Surprisingly, CNN learned by white noise images can predict the spiking response of natural images quite well. Fig. 10(A) shows the result of one example cell. For clear illustration, we only show a partial sequence of 50 images. The detailed result is demonstrated with five images together with three cell in Fig. 10 (B). Each RGC reads a different part of images as the receptive field is located differently. Interestingly, CNN predicts the responses well when all three cells fire for image 1, in addition, CNN can also predict when one of three cell is not firing with spikes for image 2-4. Even when all three cells are not firing completely for image 5, the outputs of CNN are also silent.

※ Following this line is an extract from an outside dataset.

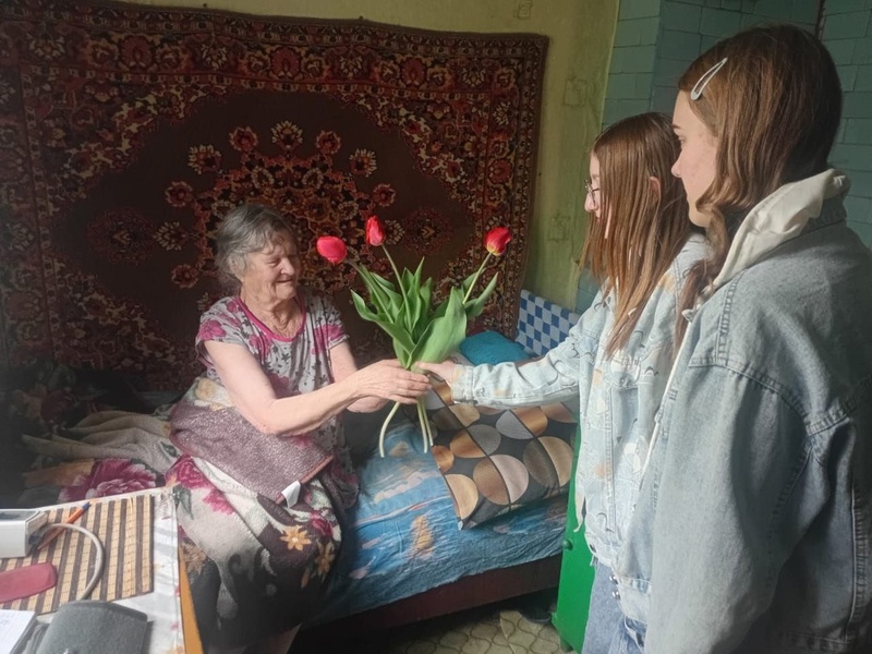 Поздравление «детям войны», ветеранам Труда. 29 апреля 2025 Волонтеры Первых школьного отряда «Волонтер» МБОУ «Леоновская СОШ» организовали проведение месячника волонтерского движения в период с 23 апреля по 13 мая 2025 года. В ходе которого волонтеры оказывают «детям войны», ветеранам Труда различные виды помощи, в том числе по благоустройству домов и придомовых территорий, уборке жилых помещений, благоустройству приусадебных участков. 23 апреля волонтеры побывали у Крыловой Валентины Ивановны (дети войны), жительницы х.Синяпкин, они тепло поздравили ее с Днем Победы и вручили цветы.

These resulting of transfer learning across image domains, compared to those across different RGCs, suggest that CNN intends to learn a cell-specific neural network in which convolutional filters play a role as upstream subunit cells that connect to a particular RGC. Thus, CNN serves a model of neural system identification to reveal the underlying computations of the retinal ganglion cells.

Iv Summary & Discussions

In recent years, system identification of neural coding based on neural networks has been greatly improved by the development of deep convolutional neural network [1, 12, 11], where multiple layers and huge banks of local subunit filters within the network are significant characteristics. Besides its powerful ability to many practical tasks [1], the underlying structure is mimicking a hierarchical organization of the brain [12, 11]. However, there is no first principle about designing the structure of a hierarchical deep learning network [2]. Recent works begin to look into the details of network structure, in particular, with the potential connections to the biological brain [12, 3].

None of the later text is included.